Monday, November 07, 2011
I have been fighting with this 'bug' that crawled into my body for a week now. Saturday I was exhausted - even after a good night's sleep. W had a train show to go to... I had toyed with the idea of tagging along - but realized Saturday morning I just didn't have the energy. Better he went on his own and enjoyed the show - rather than have me listlessly following behind.
I told him - via email - that I would cook up a new Italian sausage recipe for supper. That meant - brilliant me - that besides getting the laundry done - I had to run out to the grocery store and pick up ingredients. I also decided - after taking a look around the house - that it needed sprucing up - at the very least it needed a good vacuuming.

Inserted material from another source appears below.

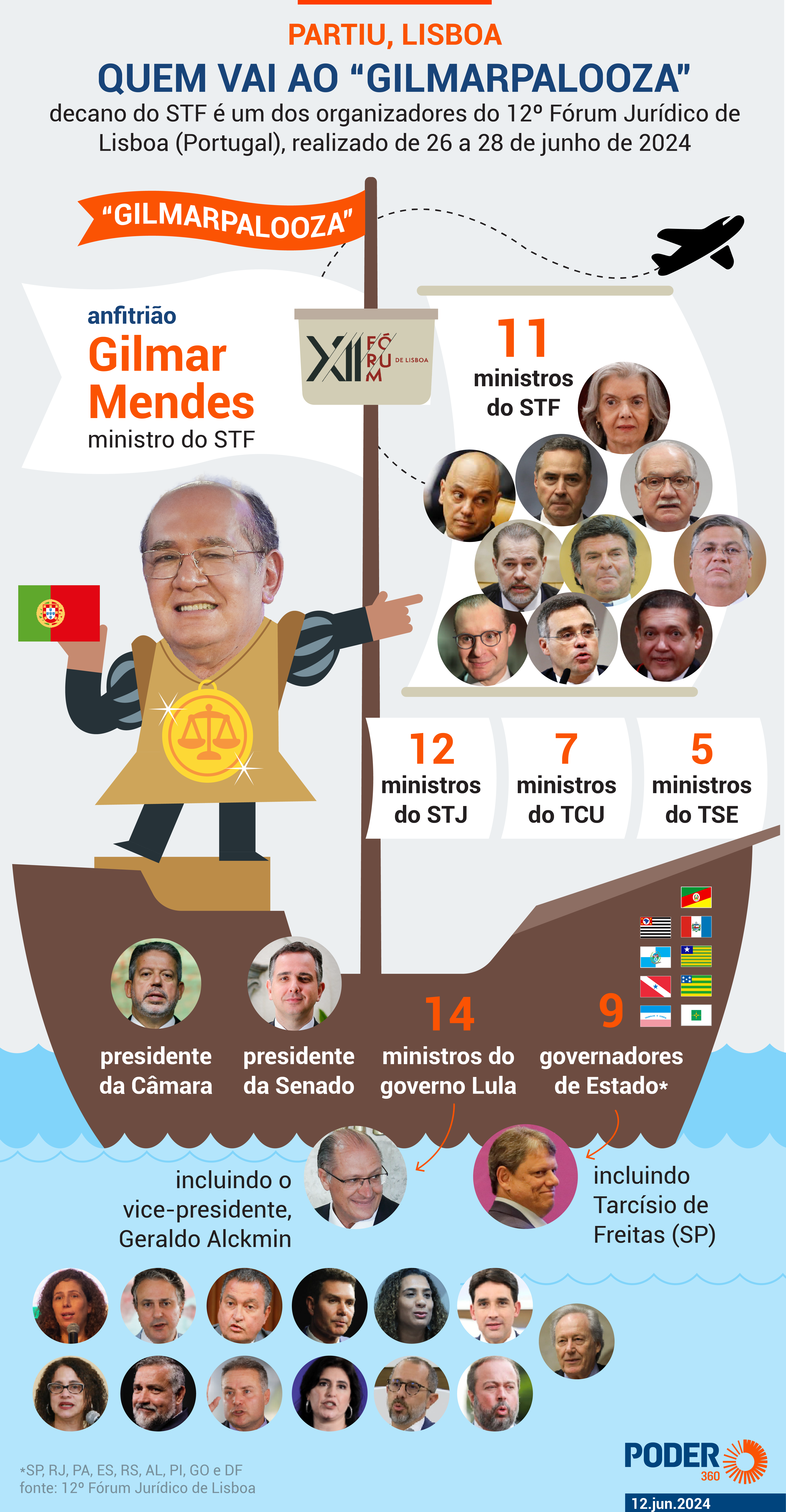 Gilmar é o decano do STF (ministro que está há mais tempo no cargo) e é um dos organizadores do evento lisboeta. Além dos 11 do Supremo, o fórum também deve contar com 12 dos 33 ministros do Superior Tribunal de Justiça, 5 dos 7 ministros do Tribunal Superior Eleitoral, 14 dos 39 ministros de Estado do governo do presidente Luiz Inácio Lula da Silva (incluindo o vice-presidente do Brasil, Geraldo Alckmin, que acumula o comando da Indústria e Comércio), 9 dos 27 governadores de Estado e os presidentes da Câmara, Arthur Lira (PP-AL), e do Senado, Rodrigo Pacheco (PSD-MG).

So while W was wandering around a train show I was running around getting organised........ not exactly a quiet resting day. By the time W showed up I was glad to sit down..... and just veg.
By the time dinner was over (oh and I wasn't all that impressed with the new sausage recipe - think I will be going back to the tried and true one I have) I was pooped. In my mind I knew I wanted to play a little bit - knew W would want to play.......... BUT I wasn't sure I had the energy for a whooping.

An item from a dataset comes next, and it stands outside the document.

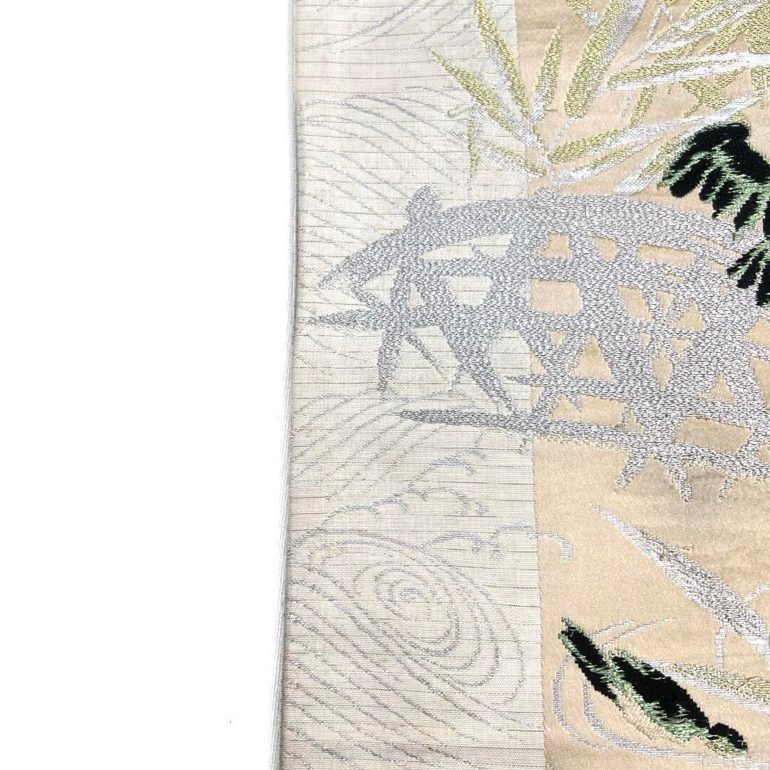ブルーとベージュの縦縞に流水と波に葦の文様と蛇籠に鳥の文様が織られたお洒落なデザインの一着です。

Sounds funny eh........ saying I didn't have the energy for a whooping?? But truth be told - even though I am usually just "hanging" around - it does take a lot of energy. The body works hard to process the pain - and of course I do do my subbie jig..... So I was running all sorts of scenarios through my head....... and hit on needle play. Yup - that would fit the bill - I could just lie on the floor still as still can be - while W stuck needles in me........ weaving out a pattern.
When W asked if I was ready for a whooping..... I hesitated - not quite sure how to bring it up....... Finally I just blurted out that I wanted needles - that he had done needles on k last weekend...... and I missed needles - let's do needles !!!

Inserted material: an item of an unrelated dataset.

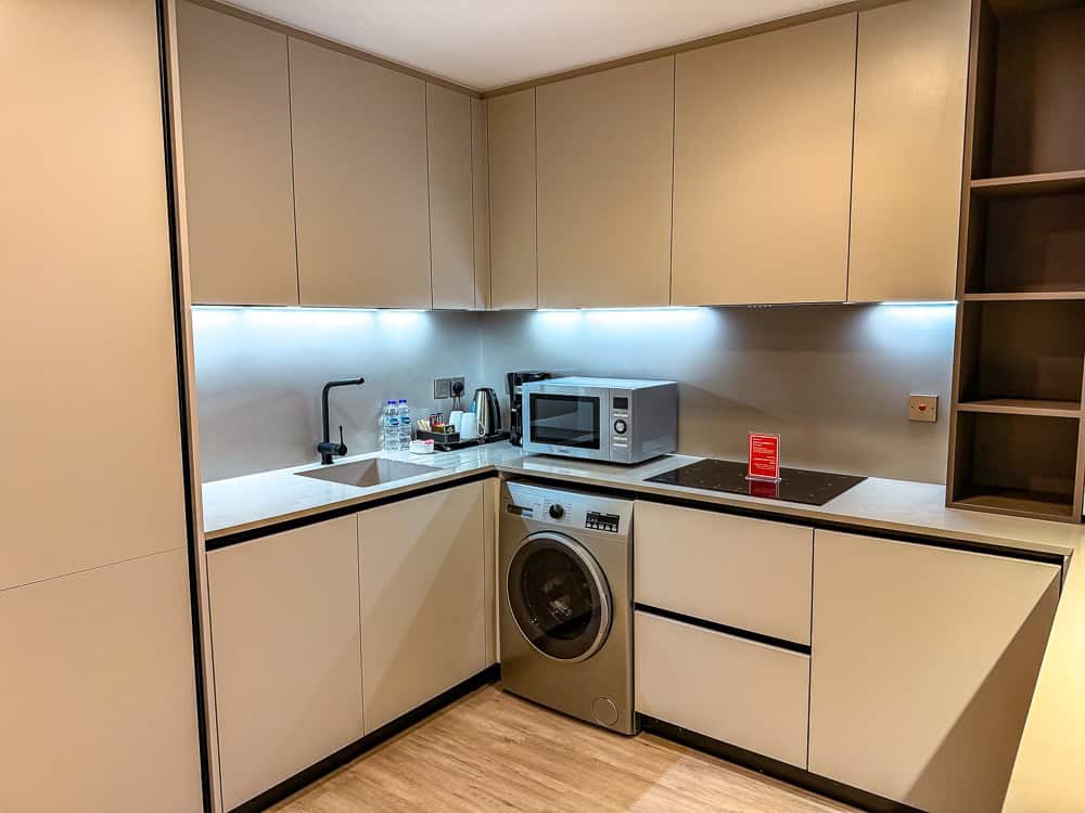During my 3 nights, I stayed in a suite with a bedroom. Specializing in long-term stays, all Residence Inn rooms feature a kitchenette. The kitchen is outfitted with all the appliances necessary to prepare complete meals, such as a fridge, oven, hot plates, microwave, and dishwasher.

So in no time flat the needle kit was on the table - I was lying on the floor on my snuggly blanket with pillows ......... ready for the first prick of the first needle.
Truthfully I didn't even feel the first one go in.......... BUT the second one...... OH DEAR GOD IN HEAVEN !!!!! I felt that one........... felt it going through the first hole and coming out the second......... even felt it while W was getting ready to put the next one in. And the next one hurt like hell too.......... and I tried everything to deal with it.. kept moaning to myself quietly that I as a f**king masochist - this should be MY thing.......... didn't help. By the time the 3rd needle was in ....... I was a blubbering mess of tears.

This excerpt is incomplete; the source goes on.